FTX Fund Crypto Will Total About $2 Billion and, by interviews, can be disbursed just this year. This is a wild pace of investment, perhaps reminiscent of how quickly a16z got its recent $2.2 billion cryptocurrency fund up and running.

Some questions:

  1. Why does the cryptocurrency market need so much money when its user base is very small compared to the bigger internet?
  2. Why are we using so much fiat money to finance cryptocurrencies?

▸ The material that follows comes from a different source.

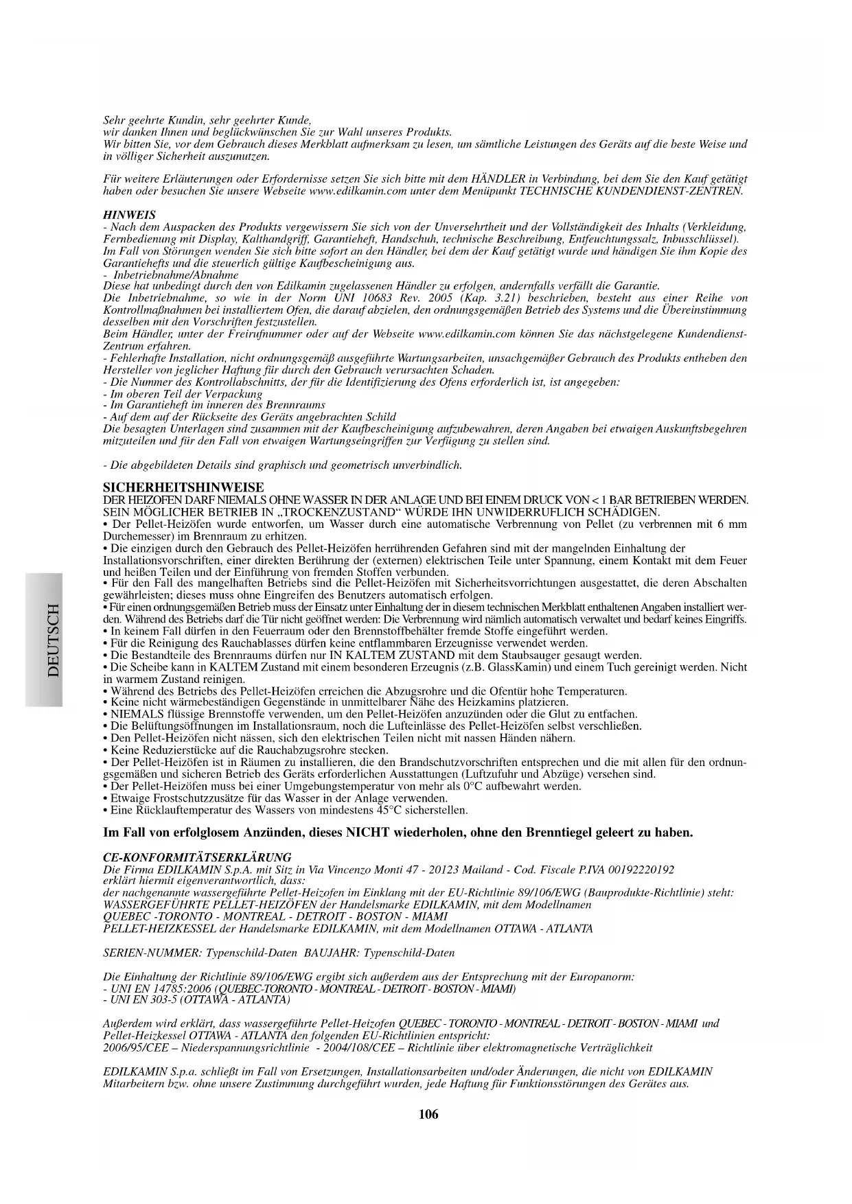 Die Firma EDILKAMIN S.p.A. mit Sitz in Via Vincenzo Monti 47 - 20123 Mailand - Cod. Fiscale P.IVA 00192220192 erklärt hiermit eigenverantwortlich, dass: der nachgenannte wassergeführte Pellet-Heizofen im Einklang mit der EU-Richtlinie 89/106/EWG (Bauprodukte-Richtlinie) steht: WASSERGEFÜHRTE PELLET-HEIZÖFEN der Handelsmarke EDILKAMIN, mit dem Modellnamen QUEBEC -TORONTO - MONTREAL - DETROIT - BOSTON - MIAMI PELLET-HEIZKESSEL der Handelsmarke EDILKAMIN, mit dem Modellnamen OTTAWA - ATLANTA SERIEN-NUMMER: Typenschild-Daten BAUJAHR: Typenschild-Daten Die Einhaltung der Richtlinie 89/106/EWG ergibt sich außerdem aus der Entsprechung mit der Europanorm: - UNI EN 14785:2006 (QUEBEC-TORONTO - MONTREAL - DETROIT - BOSTON - MIAMI) - UNI EN 303-5 (OTTAWA - ATLANTA) Außerdem wird erklärt, dass wassergeführte Pellet-Heizofen QUEBEC - TORONTO - MONTREAL - DETROIT - BOSTON - MIAMI und Pellet-Heizkessel OTTAWA - ATLANTA den folgenden EU-Richtlinien entspricht: 2006/95/CEE – Niederspannungsrichtlinie - 2004/108/CEE – Richtlinie über elektromagnetische Verträglichkeit EDILKAMIN S.p.a. schließt im Fall von Ersetzungen, Installationsarbeiten und/oder Änderungen, die nicht von EDILKAMIN Mitarbeitern bzw. ohne unsere Zustimmung durchgeführt wurden, jede Haftung für Funktionsstörungen des Gerätes aus. Sk multi EXTRA_LINE_24_33_cod_664550_versione E - 21 09 2011.qxp 21/09/2011 12.05 Pagina 107107 DEUTSCH ABMESSUNGEN

These are interconnected questions. They boil down to a simple confusion of mine about why it is so difficult to build useful things in the cryptocurrency market. Coinbase and FTX exist on the fringes of the cryptocurrency world, transporting money back and forth from the traditional economy and what could be its future. That they are investing is smart, but the amount of money they are willing to invest, along with what traditional venture capitalists are also investing in blockchain startups, has me a little confused – what is all this being spent on?

The two main blockchains are established and not new (Ethereum was thought of in 2013 and released in 2015; the Bitcoin whitepaper was released in 2008); stablecoins do exist and have many well and stable players; and a lot of capital went to the NFT markets and some crypto games. Some of which even built modest player bases. But it does seem a bit concentrated when we compare the amount of money flowing into space with what we can see in terms of usable results.

Institutional investor reports that $32.8 billion in total was invested in “crypto and blockchain technology businesses” last year. Perhaps a lot of things built with this money will come out soon and will surprise us, but now well north of a decade after Bitcoin said, “Hello world”, I still don’t use any blockchain-based apps or services. today. Unless I’m messing with a part of the crypto world for research purposes, of course.

And I spend more time online than I care to admit! Perhaps the new FTX fund will bring the mass market blockchain product to the market that is not just another vehicle for speculation. Let’s wait and see, I suppose.